Apesar do talento do jogador do Mónaco, o contexto desportivo e institucional do clube não lhe facilitou a vida para encontrar o ritmo certo. Hesitante e frequentemente limitado fisicamente, o esquerdino teve dificuldades nas decisões e na condução do jogo da sua equipa. No entanto, o jogo da segunda mão frente ao PSG permitiu-lhe mostrar a sua melhor versão. E isso pode mudar tudo para ele. 

Dois jogos bem conseguidos frente ao PSG

Com uma lesão na anca frente ao Nantes (saiu aos 43 minutos), Akliouche não participou na vitória em Lens (2-3) e ficou no banco na receção ao Angers (2-0). Entretanto, disputou os dois jogos europeus frente ao PSG, terminando com uma assistência no Louis-II e um golo no Parque dos Príncipes, que na altura significou prolongamento. 

Será que este confronto pode convencer o selecionador? O terceiro duelo com o PSG em três semanas será novamente complicado para Akliouche, que continua limitado fisicamente e, por isso, ainda procura ganhar ritmo ao longo do tempo. 

Os números de Akliouche
Os números de AklioucheOpta by Stats Perform

A onda de lesões e a mudança de treinador no Mónaco tiveram um duplo impacto negativo para o extremo direito. Por um lado, os automatismos nunca foram consistentes e, por outro, foi muito mais solicitado, correndo o risco de se desgastar. 

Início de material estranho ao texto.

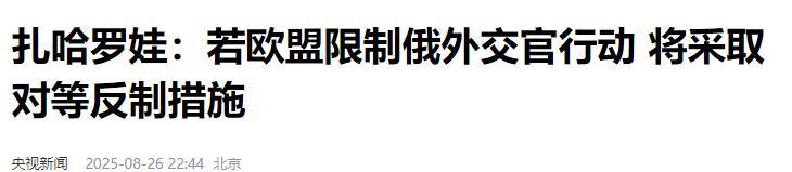 俄罗斯突然宣布!8月27日俄外交部发言人扎哈罗娃在莫斯科放话:如果欧盟再收紧对俄外交官的行动限制,俄方将“对等反制”。 网友表示:扎哈罗娃一向以强硬著称,这次直接挑明“对等反制”,摆明了要和欧盟硬碰硬。俄罗斯人的脾气大家都懂,你压得越狠,他反弹越猛。 欧盟那边也不是善茬,自从俄乌冲突爆发,布鲁塞尔已经批了好几轮制裁,到2025年6月,针对俄罗斯的非贸易制裁已经堆到了3万多项,创下了世界纪录。 从冻结俄罗斯央行资产到把俄银行踢出SWIFT系统,再到能源限价令,欧盟对俄罗斯的围堵可以说是全方位无死角,现在这股制裁风暴刮到了外交领域,显然是想在外交战场上再给俄罗斯来个“锁喉”。 其实这种外交官驱逐战在俄欧之间早就不是新鲜事了,今年4月,捷克刚驱逐18名俄外交官,俄罗斯反手就把20名捷克外交官请出了莫斯科,波兰跟风驱逐3名俄外交官后,俄方直接加码驱逐5人作为回敬。 这种你来我往的减法游戏已经成了俄欧冲突的常规操作,就像两个赌气的邻居,你摔我一个杯子,我必砸你一个碗,现在欧盟又想收紧对俄外交官的行动限制,这步棋其实藏着更深的算计。 要知道,欧盟对俄制裁名单已经从2021年的233个个人和实体,暴涨到了2100多个,连俄罗斯的金属、能源企业都没能幸免,外交上的限制本质上是这种制裁逻辑的延伸,既然经济领域压不倒你,那就从人员往来上进一步孤立俄罗斯。 但欧盟可能忘了,俄罗斯最擅长的就是以牙还牙,之前美国驱逐10名俄外交官,俄方不仅等额反制,还直接建议美国驻俄大使回国好好商量,这种看似克制实则强硬的回应,让西方领教过多次。 扎哈罗娃这次放话绝非空穴来风,按照俄罗斯的一贯作风,欧盟要是真敢收紧限制,俄方很可能会立刻拿欧盟驻俄使团开刀,要么缩减使团规模,要么限制欧盟外交官在俄境内的活动范围,甚至可能提高签证审批难度,让欧盟外交官在俄罗斯寸步难行。 毕竟在2022年欧盟冻结俄罗斯外汇储备后,俄方就出台了一系列反制措施,从限制外汇流到规范电子支付,手段多得是。 不过话说回来,这种硬碰硬的架势对谁都没好处,中国社会科学院的研究早就指出,俄欧在能源和经济上的互补性其实很强,但现在双方却把关系套制裁变成了关系的主旋律,3万项制裁背后是无数断裂的商业联系,一次次驱逐背后是不断萎缩的外交空间,当外交官都没法好好说话时,谁来为紧张局势降温?谁来推动危机转机? 说到底,俄欧现在就像陷入了以牙还牙的怪圈,你对我越强硬,我就对你更不客气,但制裁这东西就像弹簧,压得越紧反弹力越大,欧盟以为靠制裁能让俄罗斯屈服,却没想到俄罗斯硬生生在制裁墙下挖出了新的生存通道。 现在双方又在外交领域较劲,只会让本就冰封的关系雪上加霜,毕竟外交的本质是沟通,而不是比谁先把对方的大使馆清空,在俄乌冲突进入持久战的当下,这种不断升级的外交对抗,最终只会让谈判的大门越关越紧,让和平的曙光越来越远。

Agora com 24 anos, Akliouche entra nos seus melhores anos, com as responsabilidades que isso implica. Depois de esperar meses e meses nas categorias inferiores (29 internacionalizações somadas, dos sub-20 à seleção olímpica francesa), finalmente estreou-se nos A em setembro passado (5 internacionalizações). A sua única titularidade, no Azerbaijão (1-3), permitiu-lhe marcar o seu primeiro golo. Foi a 16 de novembro e já parece distante. 

Em concorrência com Rayan Cherki e Florian Thauvin, Akliouche está atrasado e precisa de assumir o comando da equipa do Mónaco para terminar em grande. Restam poucos jogos para o conseguir e o tempo está a esgotar-se.